A sophisticated RAG (Retrieval-Augmented Generation) system for querying personal journal entries using local AI models. Build your searchable knowledge base locally with privacy-first design.

Features

  • Local AI Processing: Uses local language models (no data sent to external services)
  • Multiple Format Support: Markdown, plain text, JSON, and HTML journal files
  • Semantic Search: Vector-based similarity search with FAISS
  • Intelligent Chunking: Automatically splits long entries while preserving context
  • Rich CLI Interface: Beautiful command-line interface with Rich
  • Flexible Queries: Question answering, summarization, emotion analysis, goal tracking
  • Local Processing: Query your journals privately on your own machine
  • Cloud Indexing Support: Process large datasets using Google Colab or cloud services

Quick Start

1. Setup

# Clone or download the project
cd SLM_journal

# Create and activate virtual environment
python3 -m venv .venv
source .venv/bin/activate

# Install dependencies
pip install -r requirements.txt

2. Add Your Journal Files

Place your journal files in the data/ directory:

data/
├── 2023-01-journal.md
├── 2023-02-journal.md
├── notes/
│   ├── daily-notes.txt
│   └── reflections.md

Supported formats:

  • Markdown (.md, .markdown): With date headers like # 2023-01-15
  • Plain Text (.txt): With date prefixes like 2023-01-15:
  • JSON (.json): With structured entries
  • HTML (.html, .htm): Blog exports, web pages, or HTML-formatted journals

HTML Journal Support

The system can automatically convert HTML files to clean Markdown, making it perfect for:

  • Blog exports from WordPress, Blogger, Medium
  • Web page archives of your online journal entries
  • HTML-formatted personal notes and reflections

Features of HTML processing:

  • Automatically removes navigation, ads, footers, and other non-content elements
  • Preserves formatting (bold, italic, lists, quotes, headings)
  • Extracts metadata (title, author, date, tags) from HTML meta tags
  • Identifies individual journal entries in multi-entry HTML files
  • Converts dates to consistent YYYY-MM-DD format

Example HTML structure that works well:

<article class="entry">
    <h2>March 15, 2024</h2>
    <p>Today was a <strong>productive day</strong>...</p>
</article>

3. Index Your Journals

For Small to Medium Collections (< 500 entries)

python main.py index

For Large Collections (1000+ entries)

For large journal collections, indexing requires significant memory. You have three options:

Option A: Emergency Local Mode (slow but works on 32GB+ Macs)

./index_emergency_low_memory.sh

Option B: Google Colab (recommended - free and fast)

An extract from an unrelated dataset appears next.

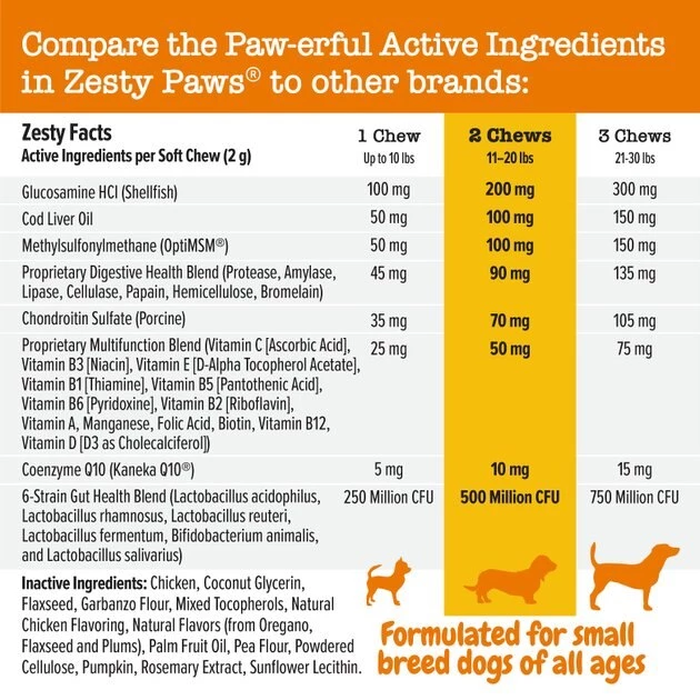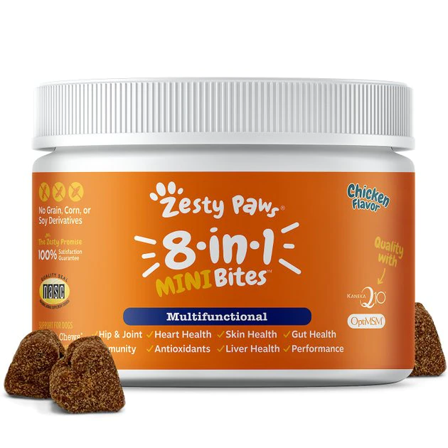Zesty Paws 8-in-1 Chicken Flavored Mini Soft Chew Multivitamin Dog Supplement premium soft chews that provide eight great multifunctional benefits for your dog’s overall support. These functional supplements support hip and joint function, heart health, skin health, gut function, the immune system, antioxidant activity, liver health, and performance for small adult and senior dogs. That’s because this chewable functional supplement contains Glucosamine, Chondroitin, a Gut Health Blend (including Lactobacillus acidophilus), a Digestive Health Blend, and a whole lot more! Best of all, these mini doggie chewables taste delicious and pet parents can let out a sigh of relief knowing that their canine companions will get the multi functional support to keep them feeling zesty and happy!

# See CLOUD_PROCESSING.md for complete instructions
# Upload your journals to Colab, index there, download results

Option C: Cloud Server (AWS, etc.)

# See CLOUD_PROCESSING.md for AWS setup instructions

The indexing process:

  • Parses all journal files
  • Generates embeddings using sentence-transformers
  • Builds a searchable vector index
  • Stores metadata in SQLite

Note: The system starts with a mock AI model for immediate functionality. See Model Setup below for upgrading to local AI models.

4. Start Querying

# Ask questions about your journals
python main.py query "What are my main goals this year?"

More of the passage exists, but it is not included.